* _About this task_: Give back only the lines in the records below from the one with "這是4月16日,身穿防護(h" to the one with "700–1 800 визитов", both inclusive, word for word.

Start of Block

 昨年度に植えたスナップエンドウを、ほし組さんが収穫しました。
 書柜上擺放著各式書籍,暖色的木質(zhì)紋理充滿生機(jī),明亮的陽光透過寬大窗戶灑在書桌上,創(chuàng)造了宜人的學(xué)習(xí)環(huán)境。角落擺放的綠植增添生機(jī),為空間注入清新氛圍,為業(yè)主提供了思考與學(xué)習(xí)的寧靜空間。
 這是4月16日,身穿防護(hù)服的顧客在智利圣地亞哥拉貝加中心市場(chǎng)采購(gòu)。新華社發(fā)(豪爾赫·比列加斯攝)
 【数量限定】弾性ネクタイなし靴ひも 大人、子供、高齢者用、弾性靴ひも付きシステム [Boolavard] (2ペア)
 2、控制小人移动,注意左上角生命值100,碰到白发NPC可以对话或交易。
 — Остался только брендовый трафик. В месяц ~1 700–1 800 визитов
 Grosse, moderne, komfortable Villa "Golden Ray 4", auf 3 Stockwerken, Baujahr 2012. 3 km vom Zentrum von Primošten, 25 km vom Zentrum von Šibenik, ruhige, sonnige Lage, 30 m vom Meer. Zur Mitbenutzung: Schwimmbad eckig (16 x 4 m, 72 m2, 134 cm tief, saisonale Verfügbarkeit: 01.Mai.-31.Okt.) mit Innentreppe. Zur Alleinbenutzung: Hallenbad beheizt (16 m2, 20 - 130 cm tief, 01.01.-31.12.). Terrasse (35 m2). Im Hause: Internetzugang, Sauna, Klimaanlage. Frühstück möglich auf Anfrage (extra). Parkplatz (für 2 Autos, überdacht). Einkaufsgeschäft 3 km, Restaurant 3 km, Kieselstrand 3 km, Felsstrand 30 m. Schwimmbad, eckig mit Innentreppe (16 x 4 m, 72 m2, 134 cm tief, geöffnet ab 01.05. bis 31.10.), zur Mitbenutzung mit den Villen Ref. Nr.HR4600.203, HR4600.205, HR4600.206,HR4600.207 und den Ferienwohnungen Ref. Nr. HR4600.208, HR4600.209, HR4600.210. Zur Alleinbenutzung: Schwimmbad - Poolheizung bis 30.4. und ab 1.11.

End of Block
Start of Block

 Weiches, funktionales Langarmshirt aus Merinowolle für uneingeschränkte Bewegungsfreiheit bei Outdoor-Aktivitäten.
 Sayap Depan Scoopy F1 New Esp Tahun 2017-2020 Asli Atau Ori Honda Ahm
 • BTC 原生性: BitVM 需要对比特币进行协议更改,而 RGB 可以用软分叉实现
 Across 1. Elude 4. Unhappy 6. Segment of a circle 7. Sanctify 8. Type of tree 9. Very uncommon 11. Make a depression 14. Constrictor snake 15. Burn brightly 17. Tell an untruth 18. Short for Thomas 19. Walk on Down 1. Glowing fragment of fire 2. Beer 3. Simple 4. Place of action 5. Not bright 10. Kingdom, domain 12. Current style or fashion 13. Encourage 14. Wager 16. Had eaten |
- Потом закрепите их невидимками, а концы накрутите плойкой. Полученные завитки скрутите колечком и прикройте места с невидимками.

End of Block

* _Exercise answer_:
 這是4月16日,身穿防護(hù)服的顧客在智利圣地亞哥拉貝加中心市場(chǎng)采購(gòu)。新華社發(fā)(豪爾赫·比列加斯攝)
 【数量限定】弾性ネクタイなし靴ひも 大人、子供、高齢者用、弾性靴ひも付きシステム [Boolavard] (2ペア)
 2、控制小人移动,注意左上角生命值100,碰到白发NPC可以对话或交易。
 — Остался только брендовый трафик. В месяц ~1 700–1 800 визитов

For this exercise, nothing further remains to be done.